Posts Tagged ‘ tenure ’

Tenure tragedy

Having written about tenure recently, I wanted to comment on the tragic events at University of Alabama, which initial reports say had to do with Amy Bishop’s learning that she was denied tenure.

There are tragedies within tragedies on top of tragedies in this case. In no particular order —

  • the three faculty members Bishop is said to have killed leave behind families and students who will grieve for them
  • the discoveries these scientists will never make
  • the children of Amy Bishop and her husband, who will endure shame, fear, loss
  • the discoveries Bishop herself will not make; she was apparently quite a brilliant scientist
  • Bishop seems to have been a disturbed person; was she ever seen by a mental health professional? Could she have been helped?

I heard faculty joking about this case today. Callousness, or whistling past the graveyard? We live in a dangerous world.
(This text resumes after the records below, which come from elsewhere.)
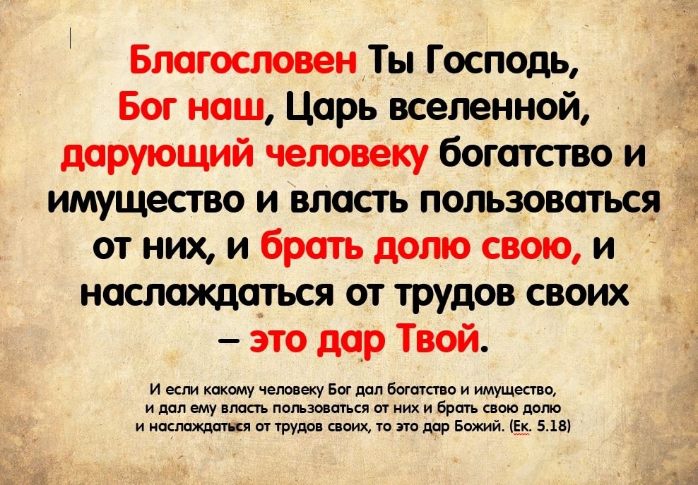БЛАГОСЛОВЕН ТЫ ГОСПОДЬ БОГ НАШ, ЦАРЬ ВСЕЛЕННОЙ, ДАРУЮЩИЙ ЧЕЛОВЕКУ БОГАТСТВО, И ИМУЩЕСТВО, И ВЛАСТЬ, ПОЛЬЗОВАТЬСЯ ОТ НИХ И БРАТЬ ДОЛЮ СВОЮ И НАСЛАЖДАТЬСЯ ОТ ТРУДОВ СВОИХ – ВСЁ ЭТО ДАР ТВОЙ.
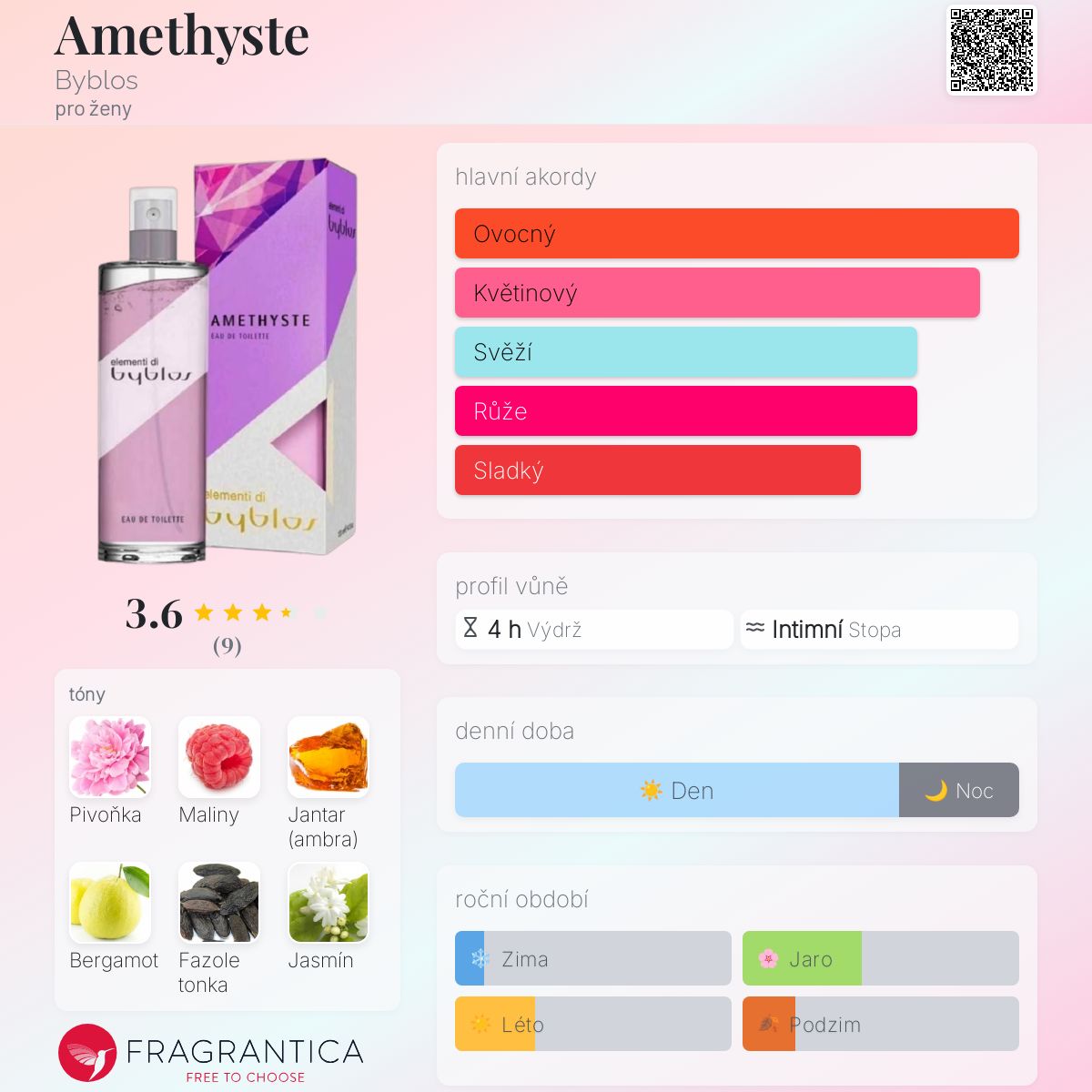 Amethyste podle Byblos je vůně pro ženy. Vrchní tóny jsou Pivoňka, Maliny a Bergamot; střední tóny jsouFazole tonka, Jasmín a Fialka ; základní tóny jsou Jantar (ambra), Pižmo a Vetiver.
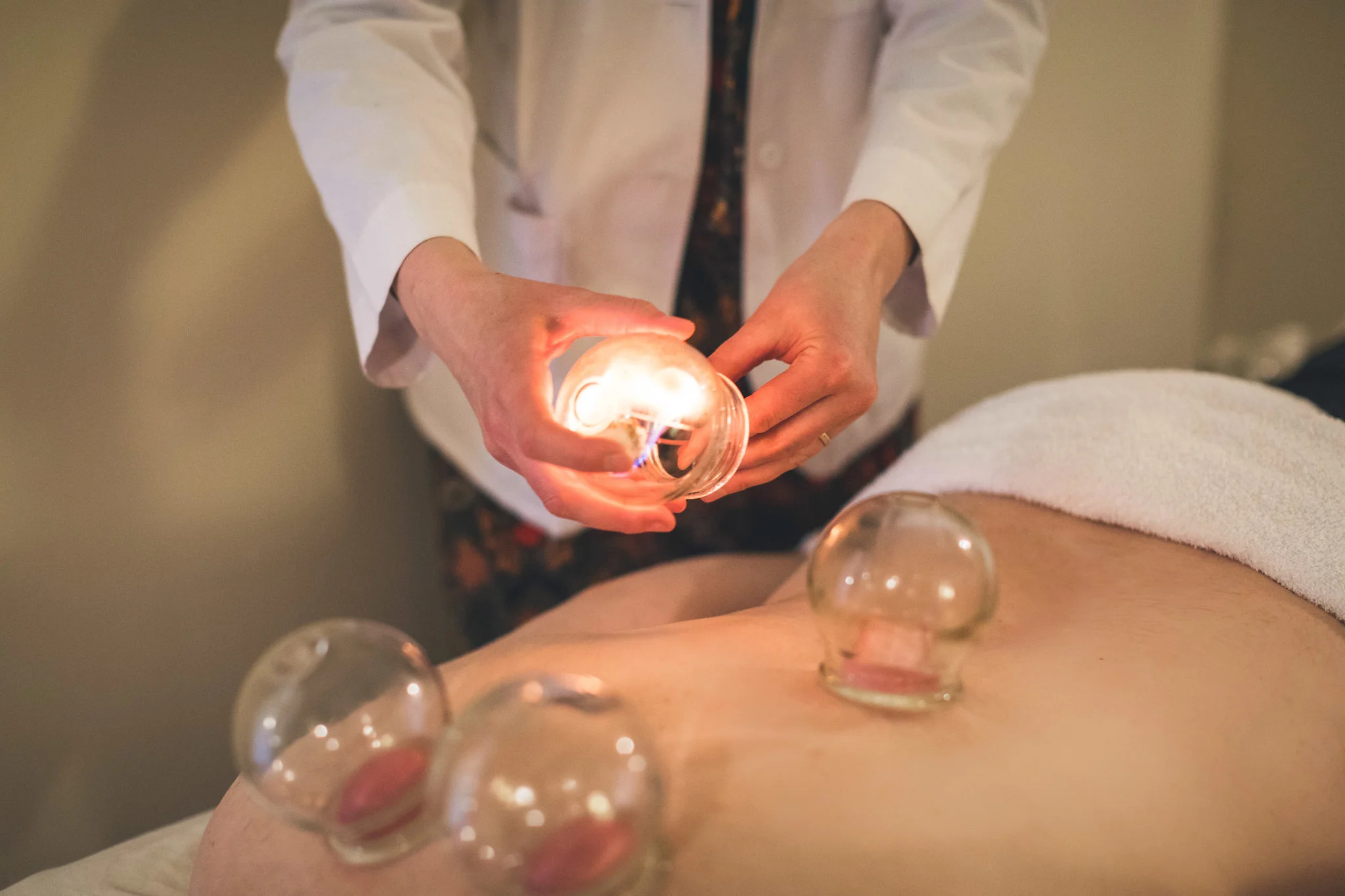 is used to break up stagnation in muscles and soft tissue. Fire cupping involves the use of glass cups which are heated with a flame to create a suctioning effect. The cups are then place on the area being treated (typically the back), and the tight muscle / flesh is sucked into the cup. The cups are then either left in place for several minutes, or they are moved via sliding technique to a new area of skin. This suctioning effect can be very helpful to to release tight muscles and to draw blood to the area in order that healing can occur. It also has detoxification properties, drawing harmful toxins out of the skin. Please note that although cupping does not hurt, it can leave bruises on the area being cupped.

Playing a different game in academia

Building a journalism school at a research university in a time of tightly constrained funds has to be an exercise in patience for the faculty looking in at the school. We’re such a different animal at this early stage of our development. Typically, first-time professors focus on their scholarship, with teaching and service — things like committee work — taking a back seat. New profs need to prove their intellectual chops, need to establish their cred at conferences and symposia, need to be published in prestigious, peer-reviewed journals, need to write books. They need to develop a scholarly reputation that brings distinction to their universities.

That’s not how it’s working at my three-and-a-half-year-old school of journalism, which was born from a journalism minor in the fall of 2006.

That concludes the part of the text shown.